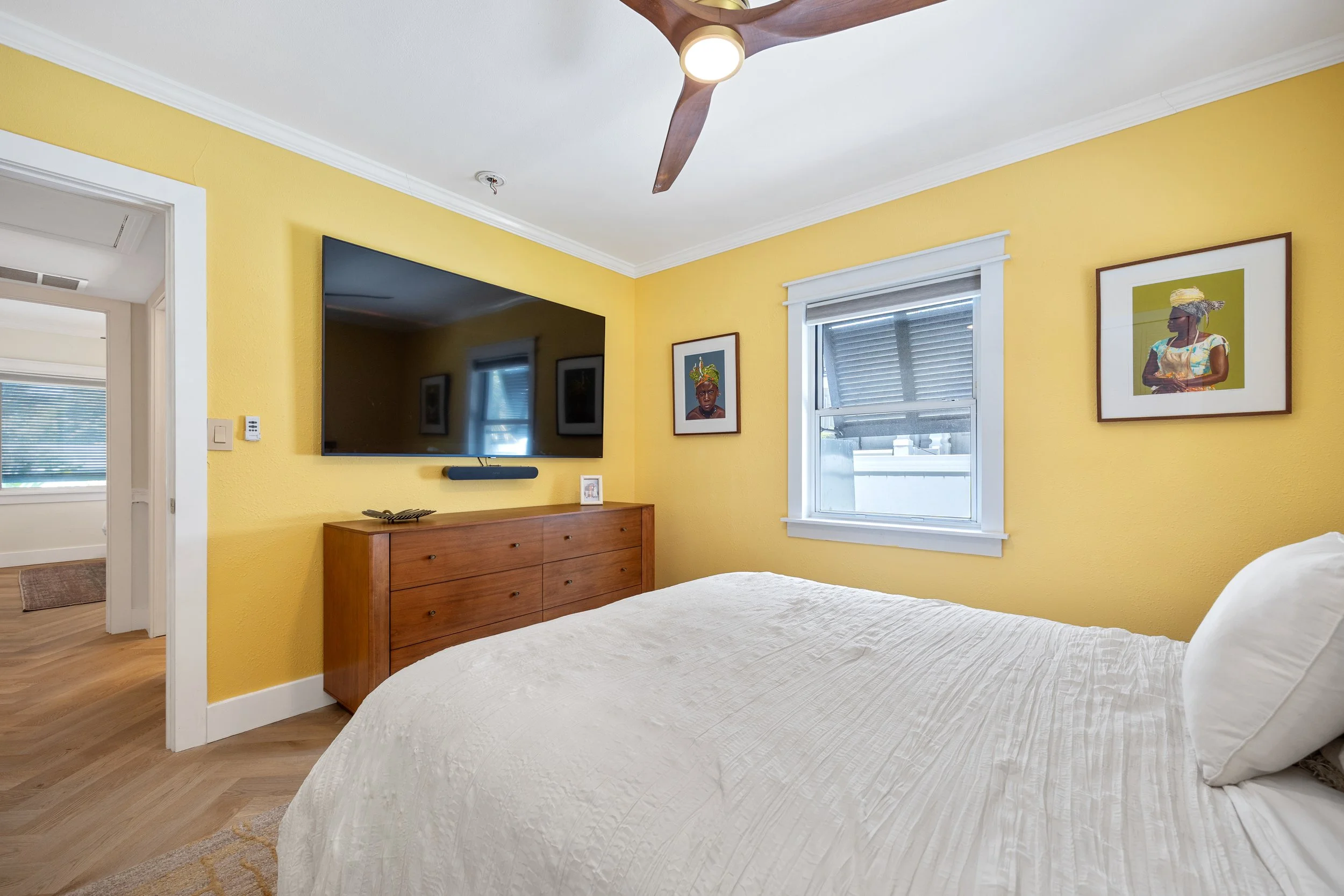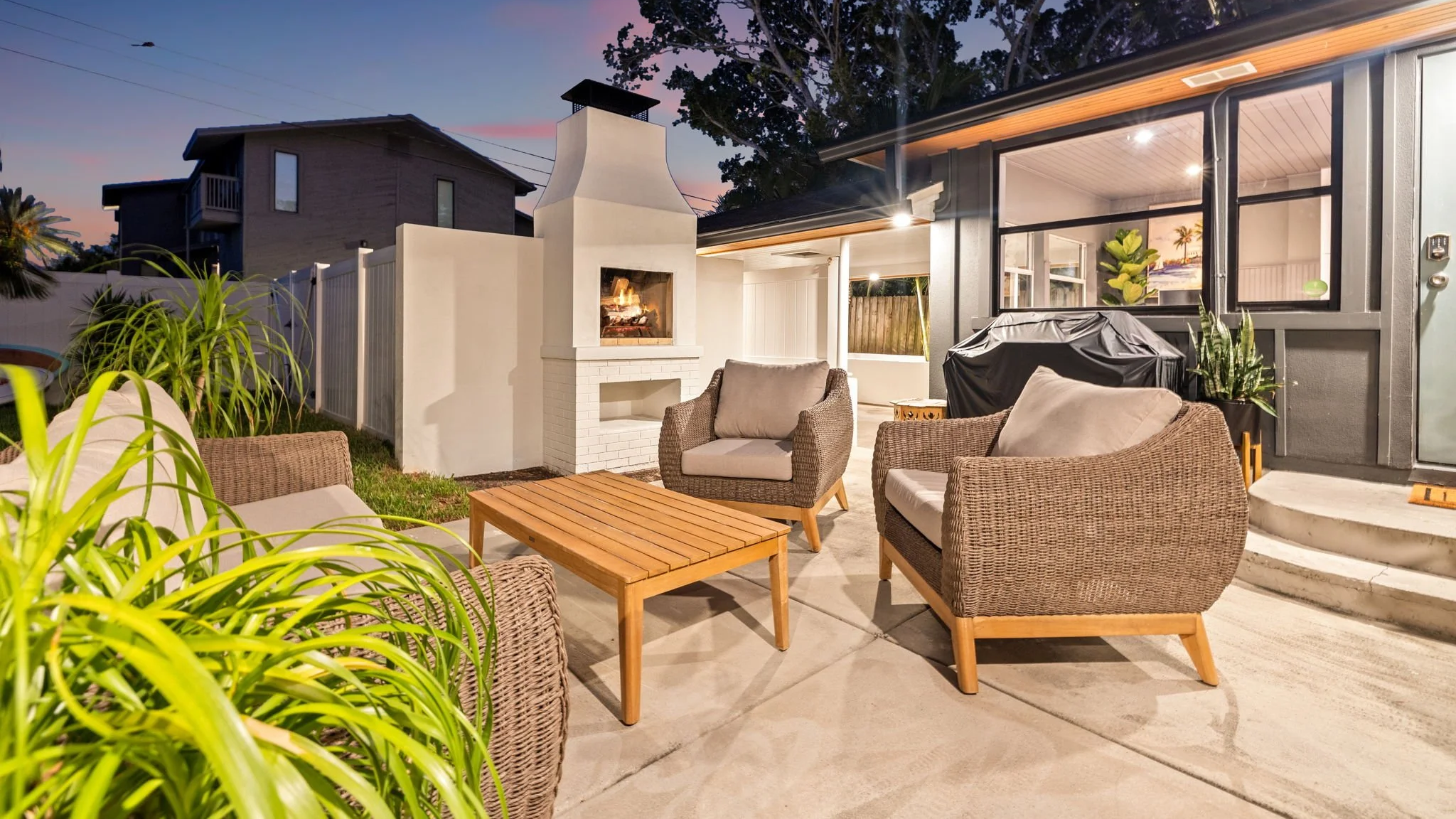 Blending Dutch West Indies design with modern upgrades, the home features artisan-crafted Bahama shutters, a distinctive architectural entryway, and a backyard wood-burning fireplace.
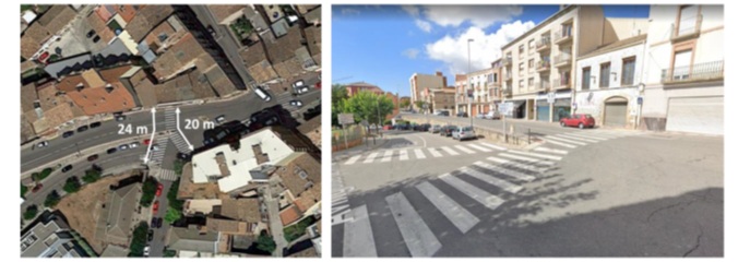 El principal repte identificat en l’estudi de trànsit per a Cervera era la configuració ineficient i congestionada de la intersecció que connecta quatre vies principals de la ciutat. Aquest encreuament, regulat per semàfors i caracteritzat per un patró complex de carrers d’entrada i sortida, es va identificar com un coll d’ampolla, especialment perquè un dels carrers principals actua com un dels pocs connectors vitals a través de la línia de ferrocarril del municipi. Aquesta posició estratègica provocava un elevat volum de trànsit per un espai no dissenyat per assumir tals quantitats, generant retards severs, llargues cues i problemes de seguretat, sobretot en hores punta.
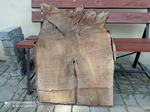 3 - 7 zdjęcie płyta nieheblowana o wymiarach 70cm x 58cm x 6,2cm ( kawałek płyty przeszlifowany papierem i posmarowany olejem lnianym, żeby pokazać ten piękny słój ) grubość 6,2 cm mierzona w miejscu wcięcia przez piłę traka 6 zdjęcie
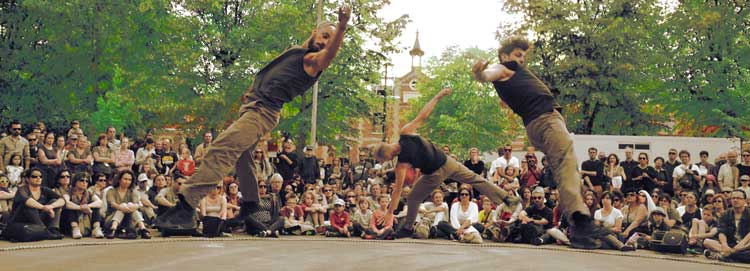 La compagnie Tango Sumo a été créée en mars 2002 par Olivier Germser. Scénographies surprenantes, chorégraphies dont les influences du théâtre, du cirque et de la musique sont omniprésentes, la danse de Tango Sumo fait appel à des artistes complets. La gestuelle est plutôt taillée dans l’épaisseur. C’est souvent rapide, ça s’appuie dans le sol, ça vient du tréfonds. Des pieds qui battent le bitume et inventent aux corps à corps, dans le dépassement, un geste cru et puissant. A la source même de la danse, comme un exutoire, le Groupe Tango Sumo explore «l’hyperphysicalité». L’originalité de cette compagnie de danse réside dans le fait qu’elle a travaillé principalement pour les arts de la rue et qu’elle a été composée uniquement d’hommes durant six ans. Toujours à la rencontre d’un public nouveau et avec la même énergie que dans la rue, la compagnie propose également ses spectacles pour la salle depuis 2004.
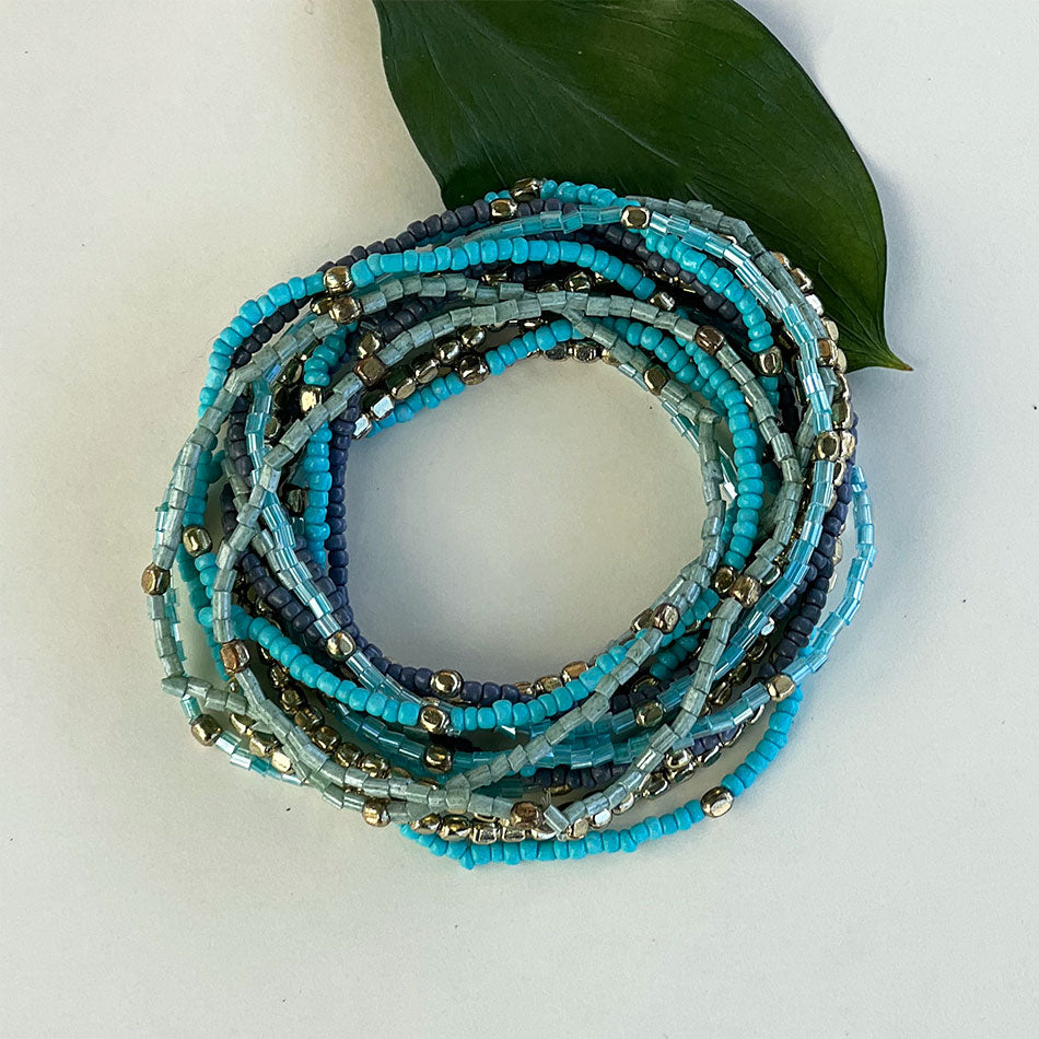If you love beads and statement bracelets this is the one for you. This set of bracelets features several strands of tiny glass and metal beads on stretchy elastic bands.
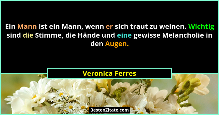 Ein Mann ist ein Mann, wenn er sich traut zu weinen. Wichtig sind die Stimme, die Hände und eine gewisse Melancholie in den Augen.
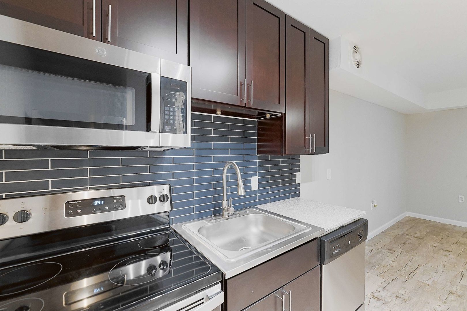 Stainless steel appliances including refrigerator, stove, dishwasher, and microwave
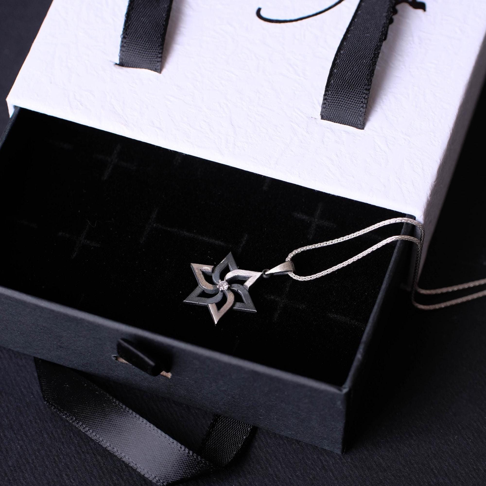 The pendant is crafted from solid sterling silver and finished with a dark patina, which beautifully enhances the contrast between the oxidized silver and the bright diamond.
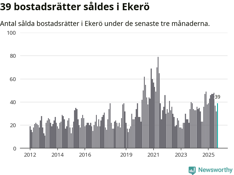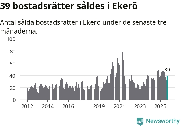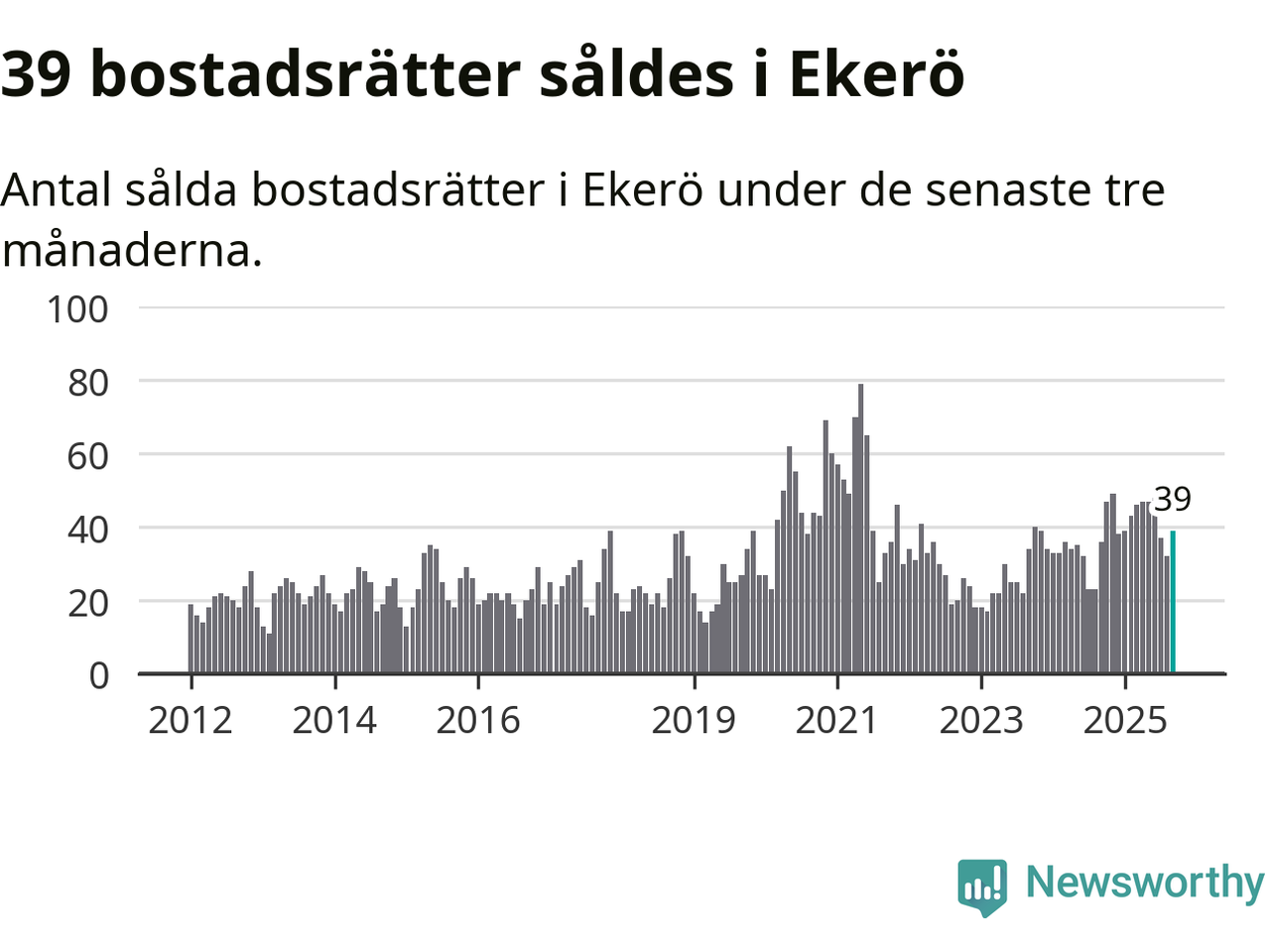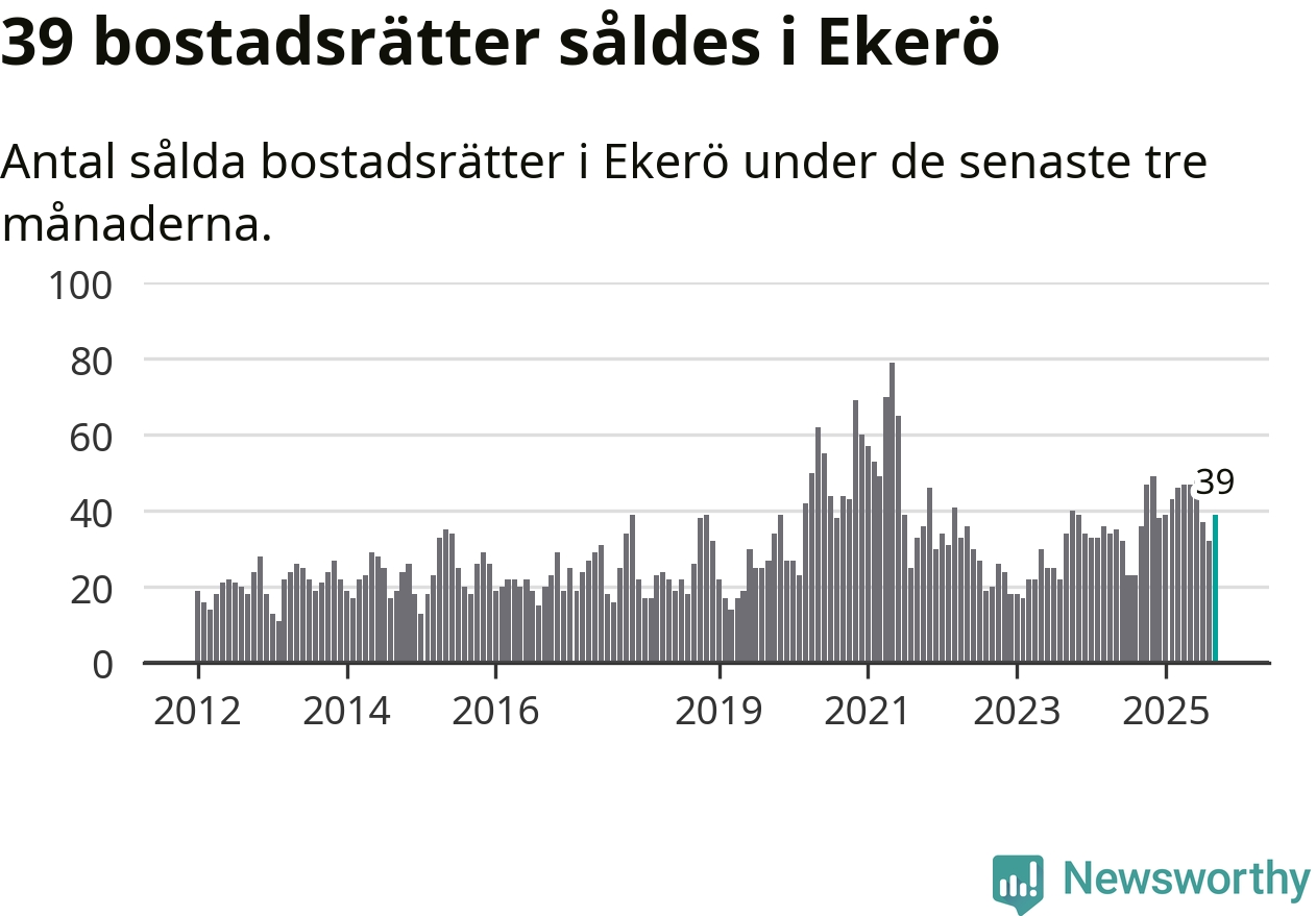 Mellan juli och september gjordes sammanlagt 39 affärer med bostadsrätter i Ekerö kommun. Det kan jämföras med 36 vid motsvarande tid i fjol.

Exercise instructions: Return the full material word for word. Do not include the pictures.

Answer box:
 Blending Dutch West Indies design with modern upgrades, the home features artisan-crafted Bahama shutters, a distinctive architectural entryway, and a backyard wood-burning fireplace.
 El principal repte identificat en l’estudi de trànsit per a Cervera era la configuració ineficient i congestionada de la intersecció que connecta quatre vies principals de la ciutat. Aquest encreuament, regulat per semàfors i caracteritzat per un patró complex de carrers d’entrada i sortida, es va identificar com un coll d’ampolla, especialment perquè un dels carrers principals actua com un dels pocs connectors vitals a través de la línia de ferrocarril del municipi. Aquesta posició estratègica provocava un elevat volum de trànsit per un espai no dissenyat per assumir tals quantitats, generant retards severs, llargues cues i problemes de seguretat, sobretot en hores punta.
 3 - 7 zdjęcie płyta nieheblowana o wymiarach 70cm x 58cm x 6,2cm ( kawałek płyty przeszlifowany papierem i posmarowany olejem lnianym, żeby pokazać ten piękny słój ) grubość 6,2 cm mierzona w miejscu wcięcia przez piłę traka 6 zdjęcie
 La compagnie Tango Sumo a été créée en mars 2002 par Olivier Germser. Scénographies surprenantes, chorégraphies dont les influences du théâtre, du cirque et de la musique sont omniprésentes, la danse de Tango Sumo fait appel à des artistes complets. La gestuelle est plutôt taillée dans l’épaisseur. C’est souvent rapide, ça s’appuie dans le sol, ça vient du tréfonds. Des pieds qui battent le bitume et inventent aux corps à corps, dans le dépassement, un geste cru et puissant. A la source même de la danse, comme un exutoire, le Groupe Tango Sumo explore «l’hyperphysicalité». L’originalité de cette compagnie de danse réside dans le fait qu’elle a travaillé principalement pour les arts de la rue et qu’elle a été composée uniquement d’hommes durant six ans. Toujours à la rencontre d’un public nouveau et avec la même énergie que dans la rue, la compagnie propose également ses spectacles pour la salle depuis 2004.
If you love beads and statement bracelets this is the one for you. This set of bracelets features several strands of tiny glass and metal beads on stretchy elastic bands.
 Ein Mann ist ein Mann, wenn er sich traut zu weinen. Wichtig sind die Stimme, die Hände und eine gewisse Melancholie in den Augen.
 Stainless steel appliances including refrigerator, stove, dishwasher, and microwave
 The pendant is crafted from solid sterling silver and finished with a dark patina, which beautifully enhances the contrast between the oxidized silver and the bright diamond.
 Mellan juli och september gjordes sammanlagt 39 affärer med bostadsrätter i Ekerö kommun. Det kan jämföras med 36 vid motsvarande tid i fjol.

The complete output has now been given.